Hello,
After our latest Kubernetes Update we experienced very frequent outages of the connection between checkmk and the Cluster collector:
Cluster collector version: 1.7.0, Nodes with container collectors: 3/3, Nodes with machine collectors: 3/3, Container Metrics: OK, Machine Metrics: Setup Error**CRIT**
or:
Cluster collector version: 1.7.0
Nodes with container collectors: 4/4
Nodes with machine collectors: 4/4
Container Metrics: OK
Machine Metrics: Setup Error(Failure to establish a connection to cluster collector at URL [<redacted>](https://<redacted>/machine_sections) )**CRIT**
Node: <redacted>(Container Metrics: Checkmk_kube_agent v1.7.0, cadvisor_version v0.47.2; Machine Sections: Checkmk_kube_agent v1.7.0, checkmk_agent_version 2.2.0p12)

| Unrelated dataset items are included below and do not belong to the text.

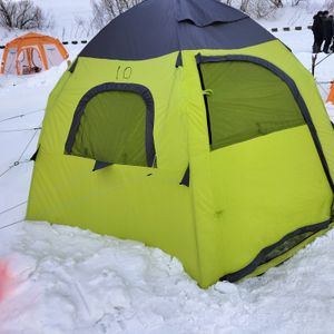 雪が降り風が強い中でしたが、個別のテント内で楽しくワカサギ釣りができました!
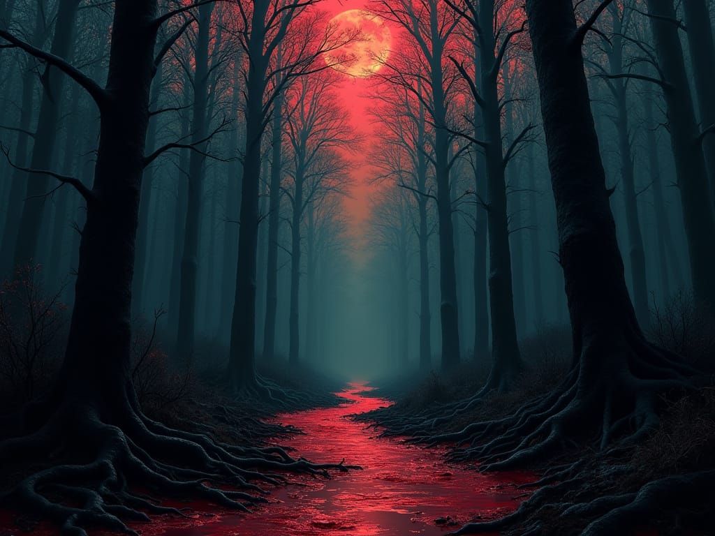 This image shows a nightmarish scene with inverted trees and a river of blood. The artwork evokes horror through deep, contrasting colors and intricate details in a Lovecraftian style.
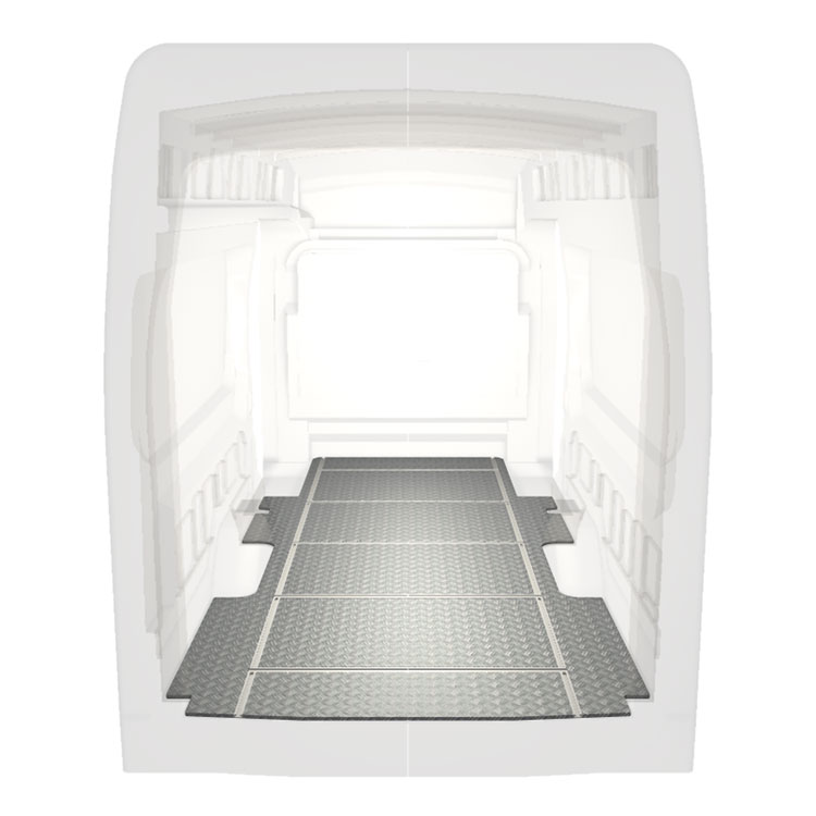 Leichte und robuste Fahrzeugböden mit Querschienen für einen Ford Transit werden mit einem rutschfesten Trittblech aus Aluminium und Schienen (längs und quer) für eine schnelle und sichere Montage von Regalsystemen und anderem Zubehör geliefert.
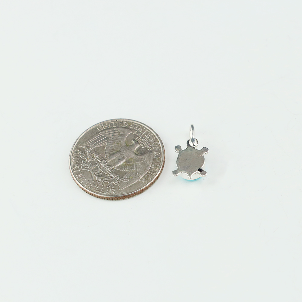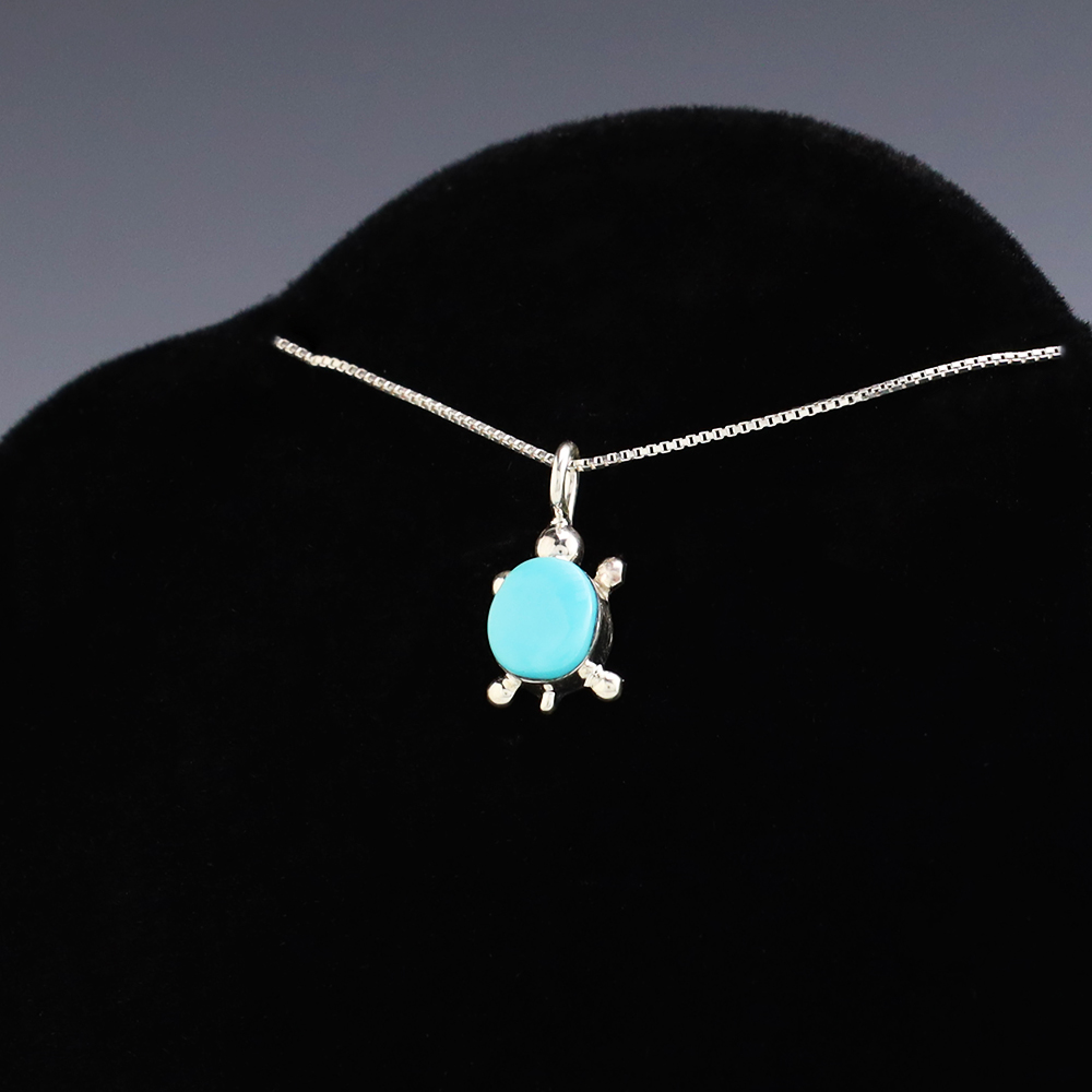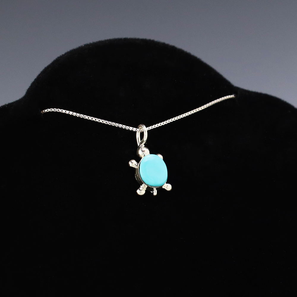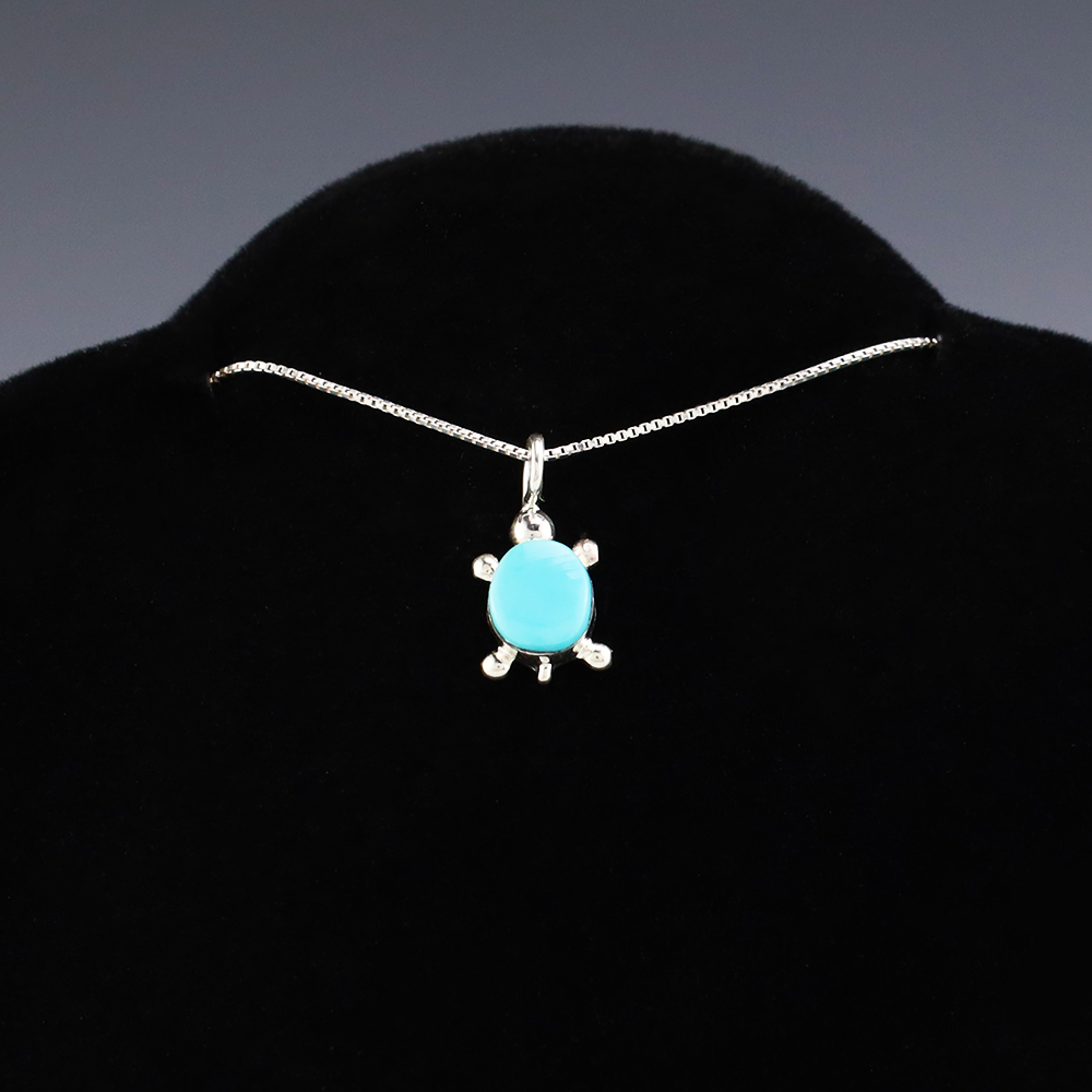 Zuni artists are known for their fine lapidary skills. Each stone is hand cut, polished, and set into a sterling silver setting. This wonderful turtle pendant is inlaid with a Turquoise stone. Hand made by Zuni artist Trista Siow. Weighs 2 grams. (Chain not included)
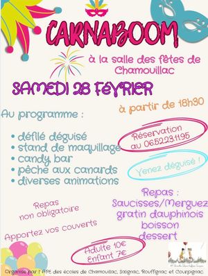 Pour célébrer le carnaval l’Association de parents d'élèves du RPI des écoles de Chamouillac, Salignac, Rouffignac et Courpignac. organise une soirée déguisée ! Avec la présence d'un DJ ! Venez déguisé 🥳🎉

Node: <redacted>(Container Metrics: Checkmk_kube_agent v1.7.0, cadvisor_version v0.47.2; Machine Sections: Checkmk_kube_agent v1.7.0, checkmk_agent_version 2.2.0p12)

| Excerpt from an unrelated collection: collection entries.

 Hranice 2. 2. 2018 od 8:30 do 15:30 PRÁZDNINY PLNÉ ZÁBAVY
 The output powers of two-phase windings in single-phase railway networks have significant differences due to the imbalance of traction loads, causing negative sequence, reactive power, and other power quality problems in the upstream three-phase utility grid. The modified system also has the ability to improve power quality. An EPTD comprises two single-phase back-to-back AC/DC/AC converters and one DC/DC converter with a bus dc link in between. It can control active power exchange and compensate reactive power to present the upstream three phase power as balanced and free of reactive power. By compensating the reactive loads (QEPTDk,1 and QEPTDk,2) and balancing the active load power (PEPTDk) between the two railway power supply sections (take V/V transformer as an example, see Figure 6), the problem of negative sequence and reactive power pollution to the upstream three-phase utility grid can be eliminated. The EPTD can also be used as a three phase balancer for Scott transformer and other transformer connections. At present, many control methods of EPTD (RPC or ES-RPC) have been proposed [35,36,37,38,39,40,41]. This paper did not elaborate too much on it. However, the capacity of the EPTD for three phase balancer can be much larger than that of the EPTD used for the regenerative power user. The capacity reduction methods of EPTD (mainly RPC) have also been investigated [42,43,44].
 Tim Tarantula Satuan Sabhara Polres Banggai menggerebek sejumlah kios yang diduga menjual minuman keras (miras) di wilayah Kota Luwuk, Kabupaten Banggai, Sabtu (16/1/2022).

Node: <redacted>(Container Metrics: Checkmk_kube_agent v1.7.0, cadvisor_version v0.47.2; Machine Sections: Checkmk_kube_agent v1.7.0, checkmk_agent_version 2.2.0p12)
Node: <redacted>(Container Metrics: Checkmk_kube_agent v1.7.0, cadvisor_version v0.47.2; Machine Sections: Checkmk_kube_agent v1.7.0, checkmk_agent_version 2.2.0p12)
You can see the ouatges in the usage metrics of the memory ressources:
We did not managed to fix the error and tried Combinations of Kubernetes 1.27 and 1.28 with helm charts 1.5 and 1.7. The nodes after the Update user another VM Template containing the updated Kubernetes Version.
Our Checkmk has the Version 2.3.0p20.
Even with debugg logging, there are no clues. The pods are running flawlessly from what we can see in ArgoCD.
Best regards.